Sunday, September 25, 2022

As I stare into the face of the next chapter of my life, I'm reminded of...a lot of unpleasant things.  Of loss, of disappointment, of regret, and hopelessness.  I can see now why some people might feel drawn toward the idea of making a clean break from their past.

But of course...

ISFJ memories meme funny LOTR 

So I hang onto my baggage anyways.  I wouldn't forgive myself if I didn't, and at the same time, I wouldn't forgive others for letting go either.  Because to many people, I am now "Somebody's Yesterday".

I guess maybe that isn't true anymore, actually.  Maybe I have started to forgive those from my past for forgetting me.  I began to understand that maybe I was really something that was better to be forgotten than remembered.  Perhaps that is why all of those people refuse to answer when I call for them.  Why wouldn't they?
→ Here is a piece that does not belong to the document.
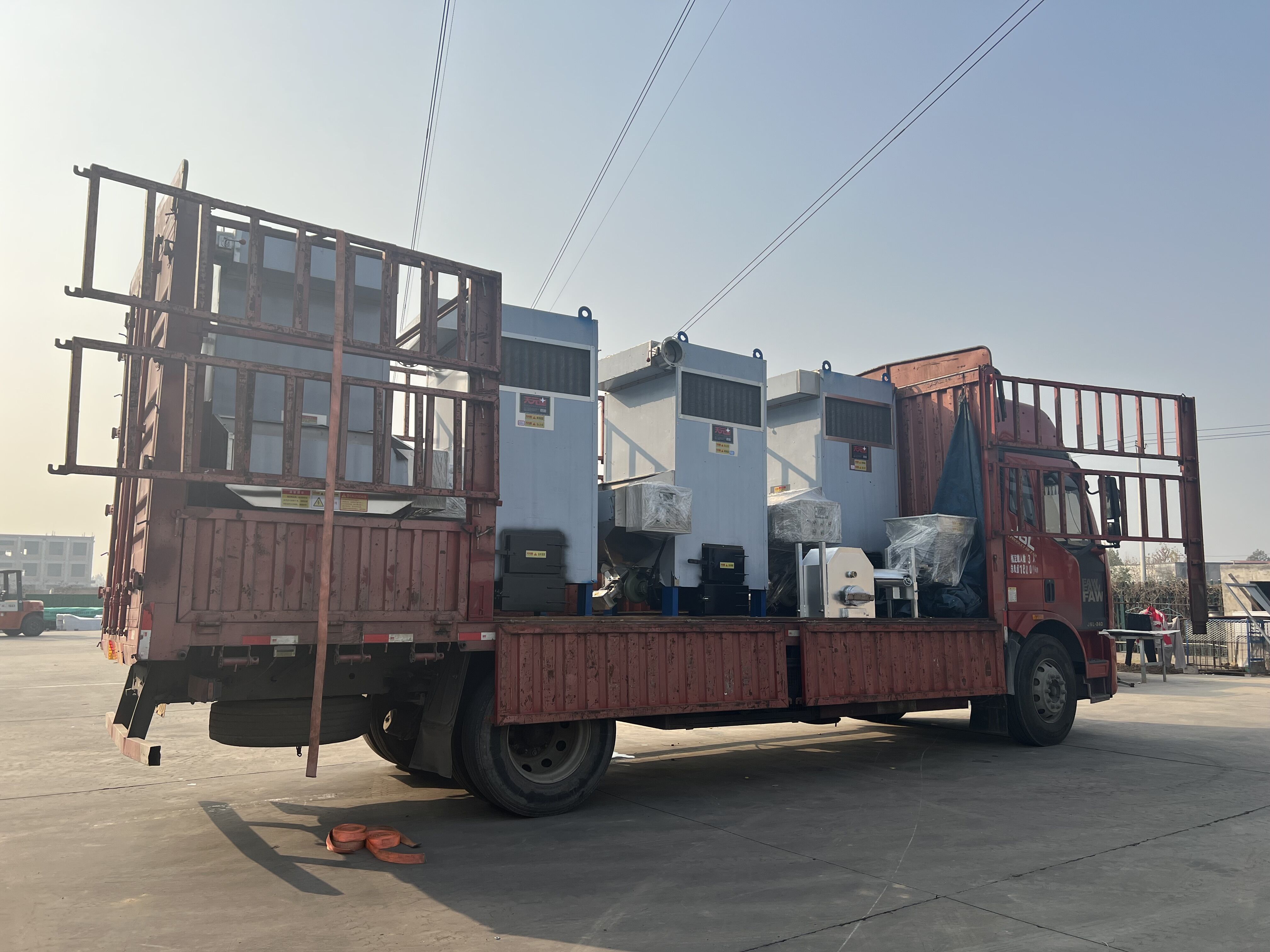 保定高碑店生物顆粒熱風(fēng)爐左4臺(tái),生物顆粒燃燒機(jī)發(fā)貨

Over 15 years ago I found myself asking what I was doing wrong, and how I would ever become loved, how I would ever dig myself out of the hole that I found myself in.  After living through trauma, joy, loss, happiness, and grief, I find that I've learned more about the nature of people.  I learned that people often don't mean what they say, but also that people are different than me.

I also learned that being loved is like being asleep.  You can't make someone love you, just as you can't make yourself fall asleep.  The best you might do is to go to bed, close your eyes.  Sleep is something that happens to you, not an action that you do.  I think this is where people get the idea to "work on yourself first" in order to be loved.
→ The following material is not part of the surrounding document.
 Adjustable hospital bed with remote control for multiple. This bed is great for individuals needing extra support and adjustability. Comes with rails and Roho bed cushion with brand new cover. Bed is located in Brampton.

But that's really not advice that I would want on myself from 15 years ago.  Not at all.  The me from back then had many rough edges, but those rough patches needed care and bandages, not sandpaper.  I needed help, but didn't know how to find it.  I didn't understand.  But because I didn't understand, I also was not hopeless.

Now, however, I can see more clearly.  It has become a little easier for me to understand how people function.  How connections are formed.  Sometimes, that clarity makes my faith waver.
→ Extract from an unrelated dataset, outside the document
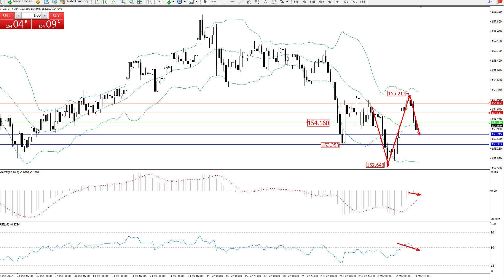 技术点评:空头动力强势震荡下挫,低位152.648附近得到支撑再度拉升上扬,高位抵达155.213位置后遇阻回撤,短期或纠结于布林带指标通道内宽幅震荡,布林带指标呈收口走势持续平移中,MACD指标处于空头区域维持震荡上移至0轴线下侧开始弱势徘徊,RSI纠结于50均衡线下侧窄幅整理;

All I would want for myself from 15 years ago is peace.  I don't think they needed any advice in the end, after all.  They just needed safety.  Of course, they also desperately needed care, too.  But in the absence of that, I think safety is what they needed most.  It wasn't until much later on that they would manage to find it.

 

What I wish for myself in the coming future, more than anything....it is, of course, that peace and tranquility.  I'm frightened, but not only of what may come next.  I'm also frightened of all that has come before.  When I think about it too hard, it feels as if both past and future are closing in on me.  My friends who lost their lives.  Me, who lost my place.  I lost my old self, too.  How much longer will it take for me to reach where I once was?  And even if I do, would it even be a good thing?

I have done so much, for so long.  And no one will ever truly know all of my sacrifices.  I'll just be silently waiting.  Waiting...for what?